9. Millennium Development Goals for Health: What Will It Take to Accelerate Progress?

Box 9.2: Estimating the Cost of Scaling Up to Achieve the MDGs

The following are the country-specific models for MDG cost analysis:

  • The MDG Needs Assessments Model developed by the United Nations Millennium Project, (Millennium Project 2004). The Millennium Project model yields total cost estimates for full coverage of the needs of a defined population with a comprehensive set of health interventions in a given year. It uses unit cost of covering one person multiplied by the total population in need in a given year to yield the direct health cost. Additional resource requirements are added (on the basis of assumptions rather than actual inputs) for, among other items, health system improvement, salary increases for human resources, administration and management, promotion of community demand, and research and development.

  • The Marginal Budgeting for Bottlenecks Model developed by the United Nations Children's Fund, the World Bank, and the World Health Organization (Soucat and others 2002, 2004; UNICEF and World Bank 2003). The MBB model yields additional resources required for removing a set of health system bottlenecks that are considered to hinder the delivery of health services to the population through three delivery modes: family-community, outreach, and clinical levels. The MBB method also estimates the effect on outcomes (for instance, child and maternal mortality) of increased coverage and use of the health services provided. First, a set of high-impact services are selected on the basis of a country's epidemiological needs. These services are the same as those cost-effective priority interventions identified in the relevant disease control priorities chapters. Second, health system bottlenecks hindering delivery of these services are identified. Then, strategies for removal of bottlenecks are discussed, and the inputs are identified for improving coverage, for example, in a village. Cost estimates are based on these inputs by scaling up the cost to cover the district, province, or nation.

  • Elasticity estimates through econometric modeling developed by the World Bank staff (Wagstaff and Claeson 2004). A few studies have used econometric techniques to analyze the effect on MDG outcomes of certain cross-sector determinants (such as economic growth, water and sanitation, education, and road infrastructure) as well as government expenditures on health. Econometric analysis has been used mostly to analyze the effect of changes in government health expenditures on outcomes using cross-sectional or panel data at a global scale. But in one particular study in India, the methodology was used to estimate the marginal costs of averting a child's death at the state level. The estimates could vary from as low as US$2.40 per child death in a low-income state to US$160 in a middle-income state in India.

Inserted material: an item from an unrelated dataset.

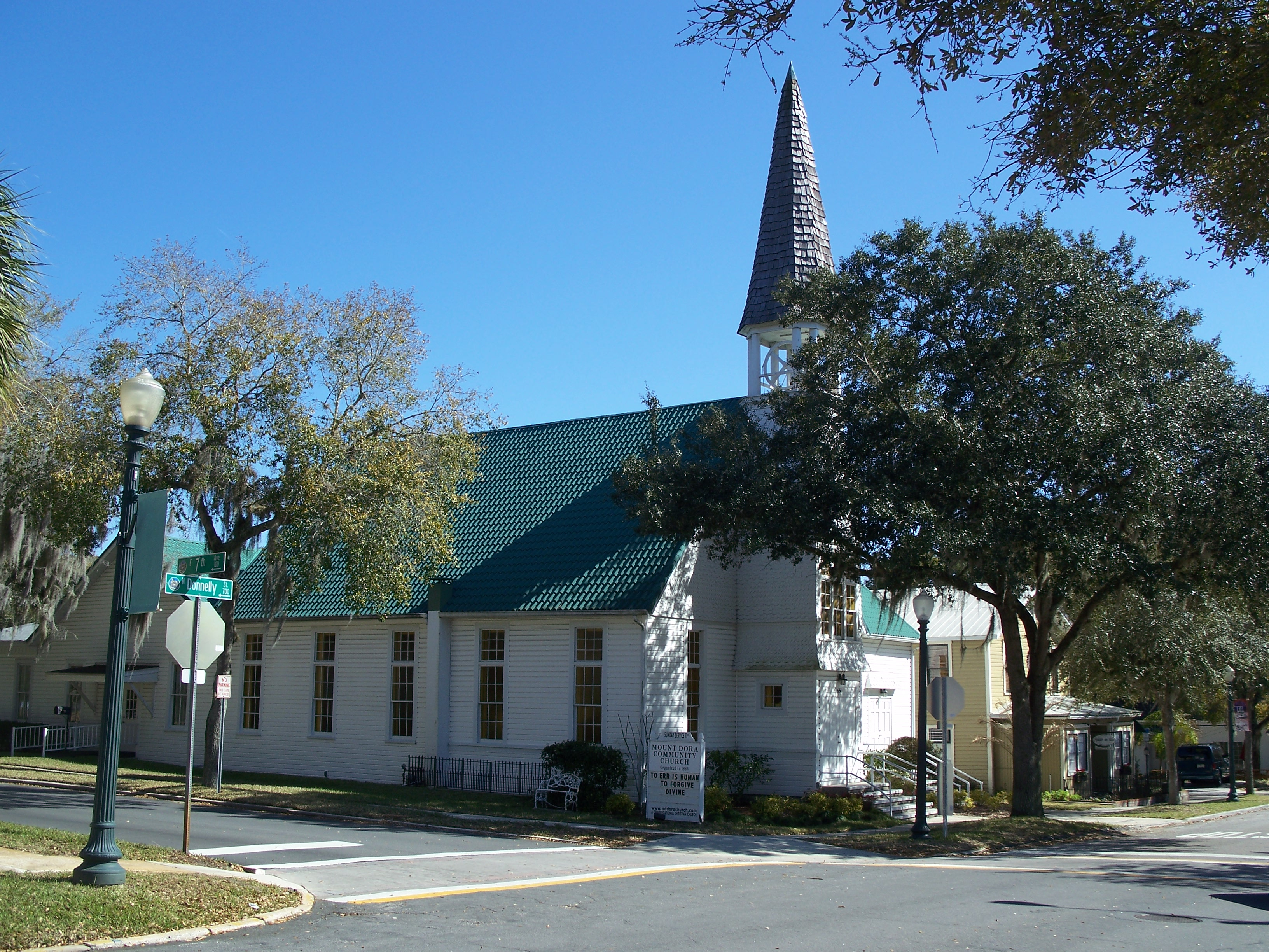 Mount Dora, Florida: Mount Dora Historic District: Community Congregational Church, in the district. Listed in A Guide to Florida's Historic Architecture.
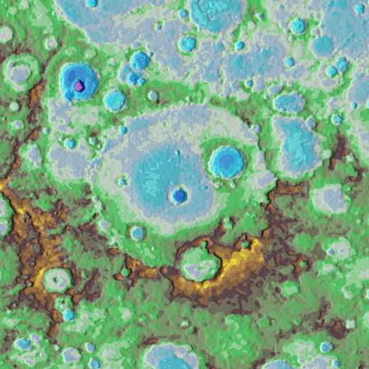 Topographic map of Beethoven Basin on Mercury. Blue is low and red is high.

  • The Maquette for Multisectoral Analysis of MDGs is under development by the World Bank (Bourguignon and others 2004). The thesis for this new approach is that development aid is a key ingredient of a country's development process, but its effectiveness has to be assessed at the country level within each country's local implementation and macroeconomic constraints. The objective of the model is to calculate the financial needs to attain a targeted path to 2015 and determine an optimal allocation of additional funding toward different social sectors for the MDGs. This modeling framework is still at an early stage of development and will be applied later to countries. This model is anticipated to draw extensively from results of other models, such as the elasticity analysis and MBB models.